FIG. 4A-4B show a voltage response of the transducer and carrier assembly when not exposed to a load and exposed to a load, respectively; and

FIG. 5 shows an exemplary multiple transducer and multiple carrier assembly.

The present disclosure relates to an apparatus and methods for detecting undesirable downhole conditions. Undesirable downhole conditions include, but are not limited to, well erosion, well collapse, well washout, tool decentralization, wellbore shift, tool slip, etc. When detected early enough, further problems such as damage to wellbore equipment can be alleviated. In addition, other mitigatory measures can be taken as a subsequent well treatment and well design.

In embodiments, the formation collapse sensor detects these well conditions by using mechanical waves conveyed by a carrier disposed along one or more sections of a wellbore. A transducer detects mechanical waves that may be reflected from a location along the carrier. These reflected waves may indicate the presence of an undesirable well condition such as formation collapse. Illustrative formation collapse sensors are described below.
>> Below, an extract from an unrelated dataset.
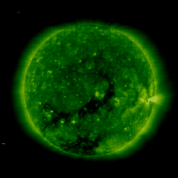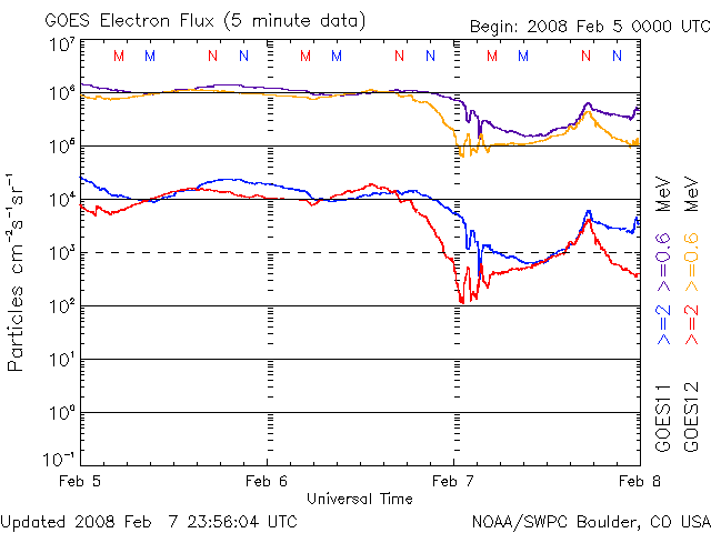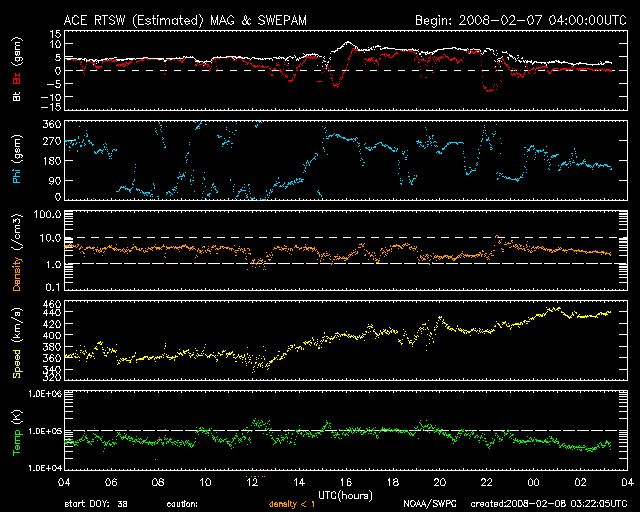 2008/ 2/ 8 12:23 更新 太陽風がやや乱れています。明日くらいから高速太陽風がやって来そうです。 担当 篠原 太陽風がやや乱れています。 磁場強度が一時的に10nT近くまで上がり、速度も440km/秒へ上がりました。 磁場強度は既に2nTまで弱まっていますが、速度はまだ上がったままです。 次の高速風の到来にはまだ早そうですし、 磁場強度がもう弱まっていることから、一時的な乱れではないかと思います。 27日周期の図を見ると、この頃にセクターの境界がやって来ています。 この構造の変化と関連した乱れだったのかもしれません。 この太陽風の変化で、AE指数で600nTの中規模の変化が1回だけ起こっています。 その前後は全く静穏です。 太陽風は、特にこれ以上乱れが大きくなることはなく、 このまま明日くらいに高速風の本番を迎えることになるのではないでしょうか。 SOHO EIT195の太陽写真では、コロナホールが次第に西半球へ移動しています。 この暗い影が太陽の西側のまん中あたりに達すると、高速風が地球へやってきます。 これは、あくまでも目安の位置で、 地球へやって来る高速風自体は、コロナホールが太陽の中心にあるときに、 地球へ向かって吹き出していたものです 高速風の始まりでは、磁場強度が先に強まります。 その時に、磁場の南向きが強まると、活発なオーロラ活動を作ります。 明日以降は、ライブカメラにも注目してみて下さい。 たいした規模ではありませんでしたが、一昨日、昨日と磁気圏の活動が見られました。 その影響で、放射線帯の高エネルギー電子はどんどん数を減らしています。 次の高速風が来ると、再び増加を始めますので、 明後日くらいから、また注意が必要になるでしょう。 太陽は黒点はなく、とても穏やかです。 SOHO衛星のEIT195カメラの映像 (c) SOHO (ESA & NASA)

FIG. 1 shows a well 30 that uses a formation collapse sensor 40 to detect formation collapse at one or more locations along a completion system. In one embodiment, the formation collapse sensor 40 may include a transducer 50 and the carrier 60 positioned adjacent to a wellbore tubular such as a liner 10 and/or a completion device 12 in a wellbore 20. The carrier 60 is exposed so that invasion of the rock and earth from the formation can apply a loading onto one or more locations along the carrier 60. In an openhole completion or liner completion, the transducer 50 and the carrier 60 may be attached to the liner 10 and/or the completion 12 by a clamp 13, or disposed inside the liner 10 and/or the completion 12. Alternatively, the assembly may be run with a liner hanger and a tieback or some other technique. For easiness of understanding and for convenience, the liner 10 and completion 12 will be used interchangeably for the rest of this disclosure.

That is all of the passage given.